Saturday, August 21, 2010

*sighs*

Oh heart and mind, the seeds of complication.

How we search for something defined.
A place where you ARE aligned.
Something of an intuition to guide us through our ever-changing situations.
But last, you do not.

A synchronicity felt in passing moments.
Leaving me in doubt.
Dare I have faith and open the possibility of naivete? Possibly.
I guess that's what hope is about.

We don't know.
And that's truth.
Each time I open up for something more and feel temporary reward,
I end up learning but with uncertainty all the more.

Wednesday, August 18, 2010

Not so sure. Not so worried.

Hello.

It's been awhile. I know I started writing because writing seemed to catalyze good things for me. Some sort of production, some sort of concreteness to the ideas that flow in and out all day, everyday. Inspired by a fellow "blogger," I've decided to revisit it.
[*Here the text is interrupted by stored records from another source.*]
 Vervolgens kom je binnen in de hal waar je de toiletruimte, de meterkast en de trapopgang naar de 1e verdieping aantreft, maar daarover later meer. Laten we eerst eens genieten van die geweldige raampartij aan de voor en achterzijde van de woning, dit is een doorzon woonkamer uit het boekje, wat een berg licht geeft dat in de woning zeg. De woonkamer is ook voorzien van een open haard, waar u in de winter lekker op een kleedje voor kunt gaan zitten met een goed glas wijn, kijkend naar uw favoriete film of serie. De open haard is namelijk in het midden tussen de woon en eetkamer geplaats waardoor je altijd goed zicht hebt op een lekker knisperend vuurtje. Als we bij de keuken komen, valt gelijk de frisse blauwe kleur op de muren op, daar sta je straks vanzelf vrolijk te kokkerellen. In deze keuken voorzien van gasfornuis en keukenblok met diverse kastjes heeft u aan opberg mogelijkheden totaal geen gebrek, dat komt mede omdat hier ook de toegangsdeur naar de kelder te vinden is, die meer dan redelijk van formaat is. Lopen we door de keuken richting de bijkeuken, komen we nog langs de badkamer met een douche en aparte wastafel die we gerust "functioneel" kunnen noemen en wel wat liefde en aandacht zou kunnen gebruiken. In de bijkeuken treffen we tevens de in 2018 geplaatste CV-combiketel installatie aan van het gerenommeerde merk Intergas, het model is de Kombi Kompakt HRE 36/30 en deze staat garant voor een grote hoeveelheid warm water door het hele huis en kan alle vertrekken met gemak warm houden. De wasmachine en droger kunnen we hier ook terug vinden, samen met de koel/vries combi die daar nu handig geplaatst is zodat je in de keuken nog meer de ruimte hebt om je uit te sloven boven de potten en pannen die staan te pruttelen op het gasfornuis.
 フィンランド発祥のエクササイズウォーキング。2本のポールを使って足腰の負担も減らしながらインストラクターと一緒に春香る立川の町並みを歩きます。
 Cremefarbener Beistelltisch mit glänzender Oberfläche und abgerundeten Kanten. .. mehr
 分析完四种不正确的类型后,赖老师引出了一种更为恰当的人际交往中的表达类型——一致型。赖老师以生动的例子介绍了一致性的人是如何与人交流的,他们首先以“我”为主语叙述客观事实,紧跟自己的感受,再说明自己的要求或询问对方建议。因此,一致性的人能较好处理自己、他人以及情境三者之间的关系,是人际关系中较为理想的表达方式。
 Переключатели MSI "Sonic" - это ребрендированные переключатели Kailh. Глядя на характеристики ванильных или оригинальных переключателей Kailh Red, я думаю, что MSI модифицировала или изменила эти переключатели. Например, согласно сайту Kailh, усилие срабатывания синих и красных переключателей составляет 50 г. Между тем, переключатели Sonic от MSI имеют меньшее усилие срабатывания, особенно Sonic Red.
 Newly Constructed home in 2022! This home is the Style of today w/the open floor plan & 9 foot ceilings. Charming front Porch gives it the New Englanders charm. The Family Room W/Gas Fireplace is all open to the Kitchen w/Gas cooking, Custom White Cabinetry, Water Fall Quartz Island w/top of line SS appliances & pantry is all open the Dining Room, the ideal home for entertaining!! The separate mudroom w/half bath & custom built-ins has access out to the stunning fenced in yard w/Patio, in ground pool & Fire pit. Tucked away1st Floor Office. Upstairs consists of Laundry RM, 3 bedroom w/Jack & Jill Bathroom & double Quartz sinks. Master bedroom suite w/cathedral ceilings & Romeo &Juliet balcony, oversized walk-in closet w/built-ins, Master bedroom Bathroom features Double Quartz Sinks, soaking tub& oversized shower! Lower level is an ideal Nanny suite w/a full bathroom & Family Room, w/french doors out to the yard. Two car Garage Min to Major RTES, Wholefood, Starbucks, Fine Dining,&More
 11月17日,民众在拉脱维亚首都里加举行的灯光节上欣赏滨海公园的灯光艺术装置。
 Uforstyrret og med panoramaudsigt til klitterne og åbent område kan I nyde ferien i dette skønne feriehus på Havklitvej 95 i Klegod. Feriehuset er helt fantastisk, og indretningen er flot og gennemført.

Wow. It's been a whole year and some change since I've written something about myself. I'd hope that after a year I could brag about all the growth and new insight I've come upon. Unfortunately, I'm not so confidant. Much less a new, profound insight and much more just trying something different is all I can say. To an extent, it's emerged out of a sense of desperation. A need to be declarative about what and how I'm doing in life. What does that entail exactly? I'm not so sure, yet not so worried. I'm going day to day, with the "real world" goal of achieving my Bachelor's. Other than that goal, I'm trying to make sure I can get up in the morning, and do something worth while with my day. Something that hopefully brings me a smile or a laugh, and if not, something to be okay about. It's become that simple. I just want to be okay with who I am, where I am, and what I'm doing... day to day.

I had a conversation last night with someone I regard to be a thoughtful, mature, life-questioning individual. And given all the "intelect" that we bring to the table, at the end of it, we both felt like we just shouldn't take life so seriously. There's no great conclusion that is supposed to appease us for the remainder... no matter where you're at in life. We go and we continue and we adapt and make adjustments along the way, and hopefully, at the very least, we can laugh some. We can realize that life is but a stage. We play roles that we decide to for a given time, and then switch it up. It's the nature of things.

That made me feel alright. That made me feel not so sure and not so worried about who I decided to say I am, and what I decide to do for the time being.